La sindrome di Dagon

Racconto per il concorso "300 Parole Per Un Incubo", 2005 - edizione 4

- La notte mentre dormo, sento il brulicare di quelle creature nelle profondità del mare. Nel sogno si accorgono di me e iniziano a darmi la caccia mostrando i loro denti appuntiti- finì di allacciarsi la tuta e controllò la pressione all’interno delle bombole d’ossigeno.
Elisa si accese una sigaretta, avrebbe voluto gettarsi lei in mare da quanto la sua pazienza era giunta al limite.
- Buttati pure se vuoi. Non troverai che la morte là sotto-
- Dagon esiste-
- Dagon non esiste! Sono solo racconti-
- Se non c’è niente tanto meglio ma io ti assicuro che là sotto c’è il loro Impero e se nessuno li fermerà un giorno emergeranno e si nutriranno della razza umana-

- Sei malato!

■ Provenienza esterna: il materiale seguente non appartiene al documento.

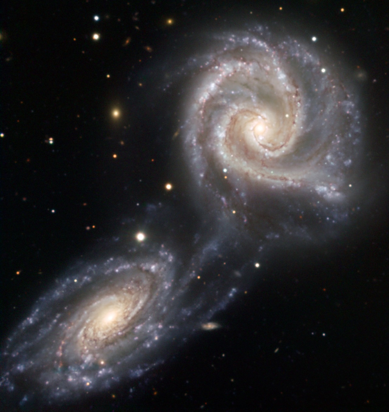 Ако излезеш навън през ясна нощ, далеч от градските светлини, ще видиш хиляди блещукащи звезди. Всяка от тях е част от галакатиката, в която живеем, наречена Млечен път. Отвъд Млечния път има милиарди други галактики чак до края на Вселената. Всяка от тях е сбор от милиони звезди, космически прах и газ, които се държат заедно с помощта на гравитацията. Галактиките са с най-различни форми и размери; много от тях са плоски спирални галактики като Млечния път. Те са изключително тънки и често имат спирални ръкави, увити около ядрото. Спиралните галактики също така се въртят много бързо, като огромни пумпали. Големият брой спирални галактики е загадка за астрономите. Тези тънки дискове са чупливи и лесни за унищожаване от бурни събития, като сблъсъци с други галактики. През живота си почти всяка галактика ще стане жертва на космически сблъсък. Това може да означава, че две галактики наистина ще се сблъскат една с друга и ще се превърнат в безформена купчина от новозараждащи се звезди. Или може да означава, че двете галактики ще минат близо една до друга и ще си повлияят само чрез гравитационното си притегляне. Много години астрономите вярваха, че когато две спирални галактики с приблизително еднакъв размер се сблъскат, те ще се превърнат в един особен тип галактика, наречена елиптична галактика, която има формата на сплескана футболна топка. Но ако две спирални галактики правят една елиптична, то защо все още има толкова много спирални галактики във Вселената? Този въпрос не оставя астрономите на мира вече десетилетия!
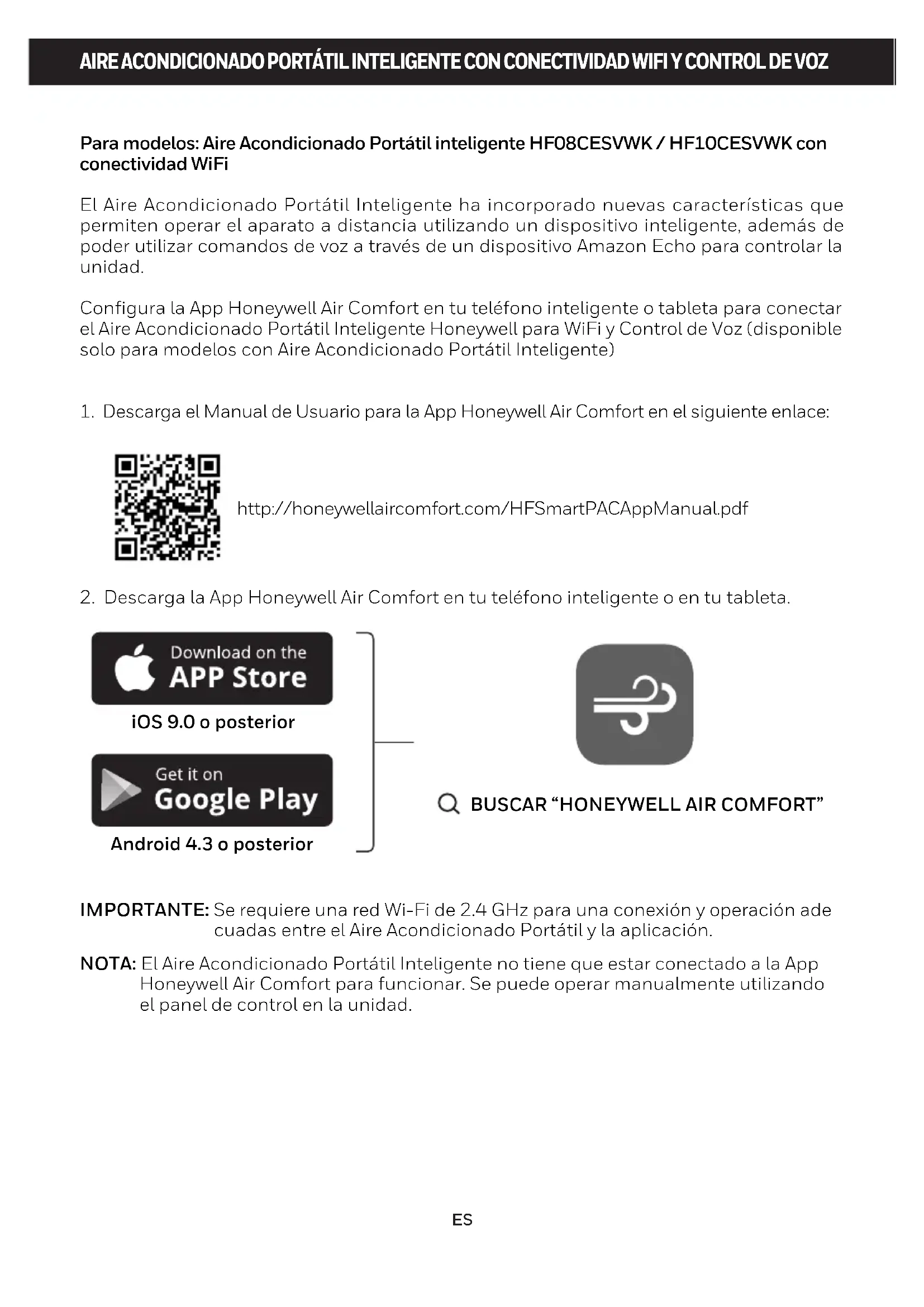 AIRE ACONDICIONADO PORTÁTIL INTELIGENTE CON CONECTIVIDAD WIFI Y CONTROL DE VOZ IMPORTANTE: Se requiere una red Wi-Fi de 2.4 GHz para una conexión y operación ade cuadas entre el Aire Acondicionado Portátil y la aplicación. NOTA: El Aire Acondicionado Portátil Inteligente no tiene que estar conectado a la App Honeywell Air Comfort para funcionar. Se puede operar manualmente utilizando el panel de control en la unidad. http://honeywellaircomfort.com/HFSmartPACAppManual.pdfSEGURIDAD
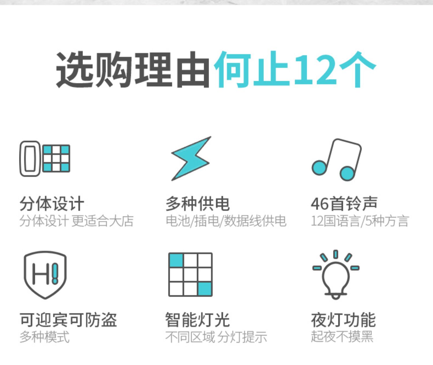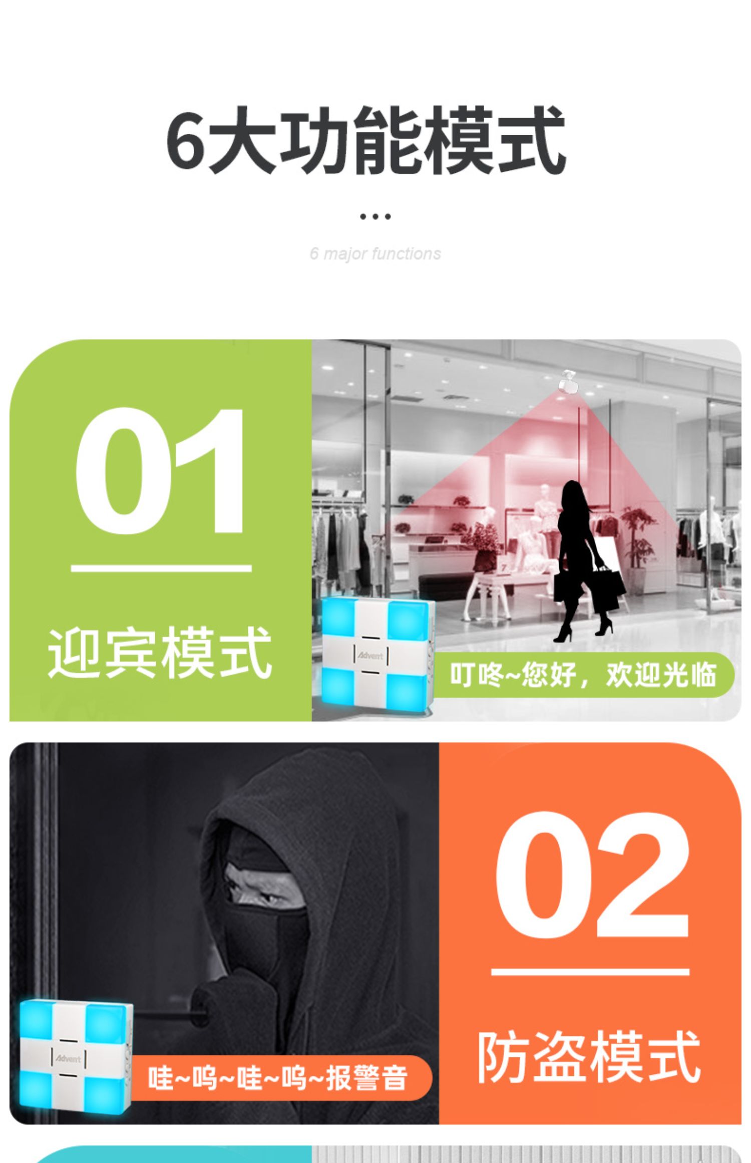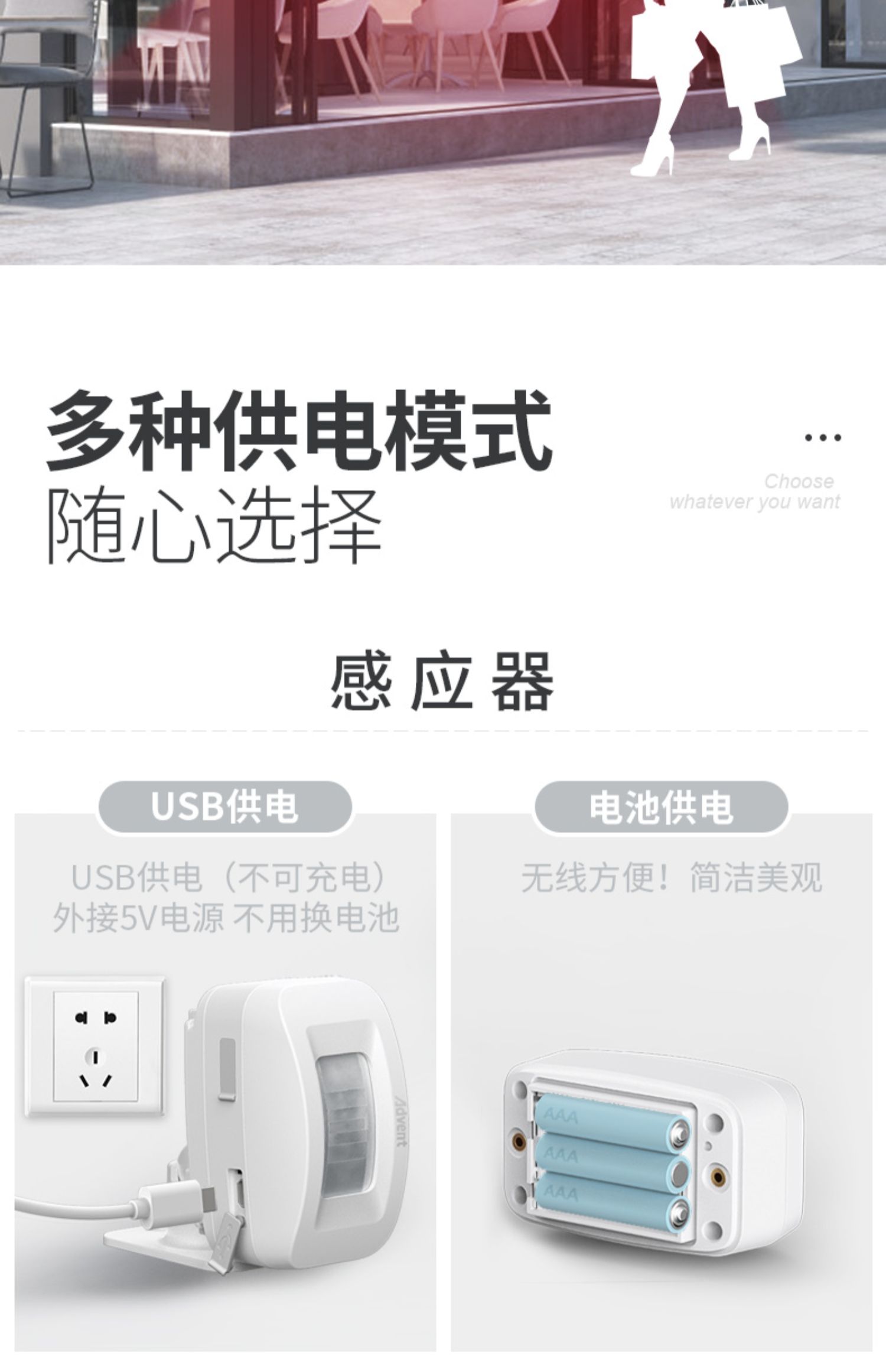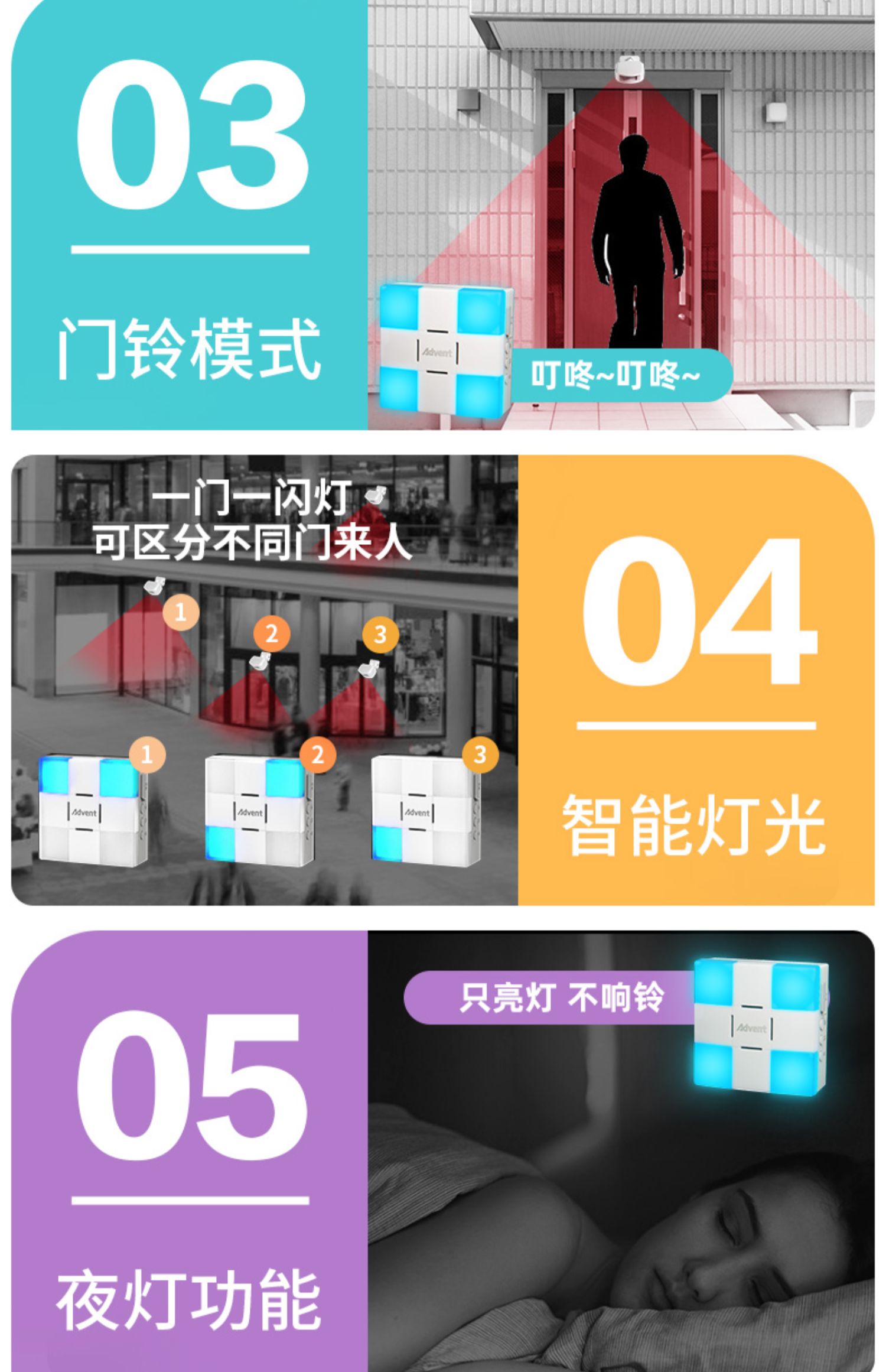 25年老品牌,3年免费换新!简约外观,耐看耐用,安装超简单,三步就完成,防水防尘,大音量+远距离!迎宾门铃,夜灯防盗四合一,商用家用都必备哦!【赠运费险】

Cosa crederesti di fare tu, da solo?-
- Devo annientare la Regina... e ora è meglio che vada, voglio che la luna sia ancora alta nel cielo perché mi faccia luce negli abissi- sollevò dal fondo della barca una pietra legata ad una lunga corda e la lanciò in acqua. Si legò l’estremità libera intorno alla caviglia sinistra, indossò la maschera e afferrò il coltello.
- Loro non sospettano minimamente che un umano stia per fargli visita-
Le baciò la fronte.
- Vattene da qui appena puoi-
- Sta tranquillo, non ho alcuna intenzione di aspettare il tuo cadavere-
La corda giunse alla fine della corsa e lui venne trascinato in acqua.
- Non avrei mai dovuto regalarti Lovecraft- disse lei mentre una lacrima le scivolava sul viso.
Un mezzo volto verdastro e squamoso scintillante di riflessi lunari emerse dal mare in attesa.
- Uccidetelo subito ma non fatelo soffrire...-
Quell’umano mi piaceva ma non potevo permettere che scorrazzasse nel nostro Regno la notte in cui la Regina darà alla luce il figlio di Dagon.